AI City : un nouveau moteur pour l'immobilier mauricien

Editor-in-Chief août 05, 2026

Maurice a entrepris d'inscrire le Scheme AI City d'un cadre juridique formel à travers l'Economic and Financial Measures (Miscellaneous Provisions) Bill (No. XIII of 2026), présenté à l'Assemblée nationale le 28 juillet 2026, qui met en œuvre les mesures annoncées dans le Discours du Budget 2026 à 2027. L'objectif affiché du régime est de bâtir un pôle spécialisé dans la technologie et l'innovation, d'attirer les fondateurs de start-up en intelligence artificielle ainsi que les entreprises technologiques, et de soutenir l'investissement dans l'IA, les secteurs numériques, les infrastructures informatiques de pointe et l'industrie manufacturière avancée.

Du point de vue immobilier, le régime AI City donne aux investisseurs une nouvelle raison d'avoir besoin d'espace physique à Maurice, plutôt que de s'appuyer uniquement sur le tourisme et sur la demande résidentielle traditionnelle. Si le gouvernement parvient à attirer des entreprises d'IA et leurs équipes hautement qualifiées, les grands gagnants seront vraisemblablement le foncier situé autour de la zone AI, les bureaux de catégorie A, les appartements avec services, le logement pour cadres et les actifs hôteliers capables d'accueillir une main-d'œuvre plus internationale.
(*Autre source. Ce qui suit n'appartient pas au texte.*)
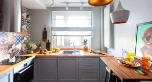 Reka bentuk dapur dengan sink di tingkap

Les documents budgétaires et les documents d'orientation évoquent également une zone économique spéciale dédiée à Côte d'Or, ainsi que des mesures telles que les droits de propriété pour les étrangers, un tarif électrique spécifique pour les centres de données, des allègements fiscaux et la récupération de la TVA sur les bâtiments et les biens d'équipement.

Il s'agit d'intentions annoncées et non de droits acquis : le projet de loi laisse les activités éligibles, les incitations fiscales et les droits de propriété rattachés au dispositif à être prescrits par voie réglementaire, l'Economic Development Board étant appelé à administrer le dispositif une fois celui-ci entré en vigueur. Les investisseurs et les promoteurs doivent donc considérer ces détails comme indicatifs tant que les règlements ne sont pas publiés dans le Government Gazette. 

Les entreprises d'IA amènent généralement des équipes spécialisées hautement qualifiées aux côtés des fondateurs, ce qui devrait à son tour soutenir la demande de bureaux, d'appartements avec services et de logements pour cadres si le régime attire de véritables projets.

Le potentiel ne se limite pas à l'immobilier commercial. Le paquet de réformes plus large comprend des mesures destinées aux investisseurs étrangers de long séjour et à forte valeur, susceptibles de renforcer la demande locative ainsi que certains projets résidentiels situés dans des zones bien connectées et attractives pour les professionnels internationaux.

Pour l'heure, le cadre demeure un projet de loi, et les activités éligibles, les incitations ainsi que les droits de propriété restent à être prescrits par voie réglementaire. Le véritable test sera donc de voir si des projets, des locataires et des investisseurs concrets se dirigent vers la zone AI au cours des prochaines années.